PROVIDED MATERIAL >>
========
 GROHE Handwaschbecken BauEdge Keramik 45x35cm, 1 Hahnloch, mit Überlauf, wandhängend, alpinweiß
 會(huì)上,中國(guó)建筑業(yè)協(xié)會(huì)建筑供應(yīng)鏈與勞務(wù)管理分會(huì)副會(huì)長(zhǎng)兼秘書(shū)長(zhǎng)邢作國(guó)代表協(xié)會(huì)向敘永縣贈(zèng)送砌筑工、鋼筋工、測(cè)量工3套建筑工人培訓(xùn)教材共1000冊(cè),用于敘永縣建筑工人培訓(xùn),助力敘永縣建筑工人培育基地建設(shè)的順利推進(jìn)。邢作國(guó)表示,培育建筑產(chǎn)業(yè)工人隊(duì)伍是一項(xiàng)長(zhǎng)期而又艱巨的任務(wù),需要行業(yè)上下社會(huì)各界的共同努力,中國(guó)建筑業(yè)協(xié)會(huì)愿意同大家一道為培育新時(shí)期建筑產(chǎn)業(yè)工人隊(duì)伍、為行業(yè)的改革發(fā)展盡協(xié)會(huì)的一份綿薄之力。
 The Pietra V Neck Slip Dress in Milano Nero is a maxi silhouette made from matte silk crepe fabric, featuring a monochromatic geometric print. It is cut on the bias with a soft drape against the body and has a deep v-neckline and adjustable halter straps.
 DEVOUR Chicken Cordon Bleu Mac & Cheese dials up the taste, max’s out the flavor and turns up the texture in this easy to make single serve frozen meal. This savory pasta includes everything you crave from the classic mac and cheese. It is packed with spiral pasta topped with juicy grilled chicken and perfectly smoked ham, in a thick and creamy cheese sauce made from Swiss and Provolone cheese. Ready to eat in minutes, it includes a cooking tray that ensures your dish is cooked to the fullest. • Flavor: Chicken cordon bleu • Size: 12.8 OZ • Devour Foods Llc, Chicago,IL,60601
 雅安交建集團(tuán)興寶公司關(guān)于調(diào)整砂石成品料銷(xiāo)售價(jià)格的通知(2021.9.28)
========
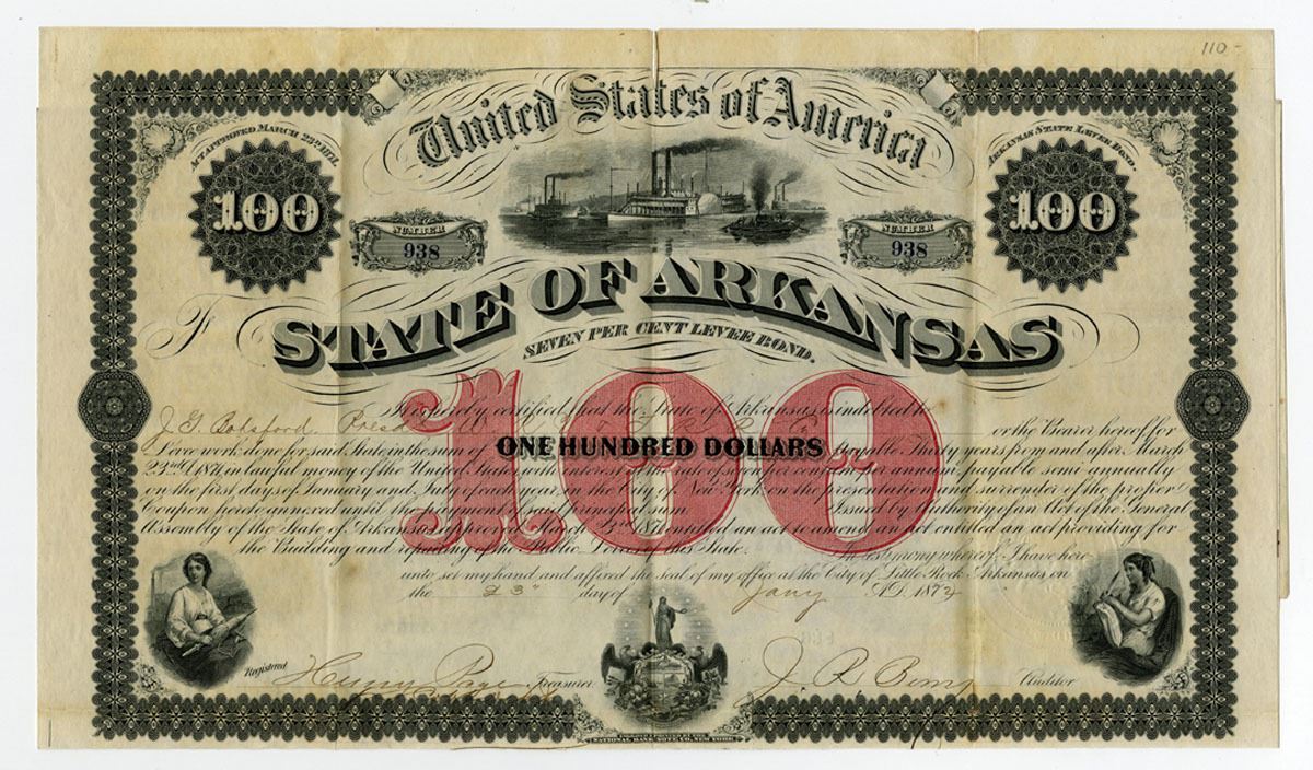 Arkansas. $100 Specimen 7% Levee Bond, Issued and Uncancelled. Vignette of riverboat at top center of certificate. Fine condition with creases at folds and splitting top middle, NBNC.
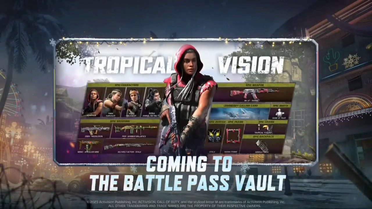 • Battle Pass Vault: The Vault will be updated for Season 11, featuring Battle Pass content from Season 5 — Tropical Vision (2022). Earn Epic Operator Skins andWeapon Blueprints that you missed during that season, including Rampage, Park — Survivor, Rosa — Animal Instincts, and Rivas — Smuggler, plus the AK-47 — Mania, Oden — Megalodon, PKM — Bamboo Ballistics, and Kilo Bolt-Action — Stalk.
========
WHAT YOU SHOULD DO >>
Return every line of the records in which the word "made" is found.

WRITTEN SOLUTION >>
 The Pietra V Neck Slip Dress in Milano Nero is a maxi silhouette made from matte silk crepe fabric, featuring a monochromatic geometric print. It is cut on the bias with a soft drape against the body and has a deep v-neckline and adjustable halter straps.
 DEVOUR Chicken Cordon Bleu Mac & Cheese dials up the taste, max’s out the flavor and turns up the texture in this easy to make single serve frozen meal. This savory pasta includes everything you crave from the classic mac and cheese. It is packed with spiral pasta topped with juicy grilled chicken and perfectly smoked ham, in a thick and creamy cheese sauce made from Swiss and Provolone cheese. Ready to eat in minutes, it includes a cooking tray that ensures your dish is cooked to the fullest. • Flavor: Chicken cordon bleu • Size: 12.8 OZ • Devour Foods Llc, Chicago,IL,60601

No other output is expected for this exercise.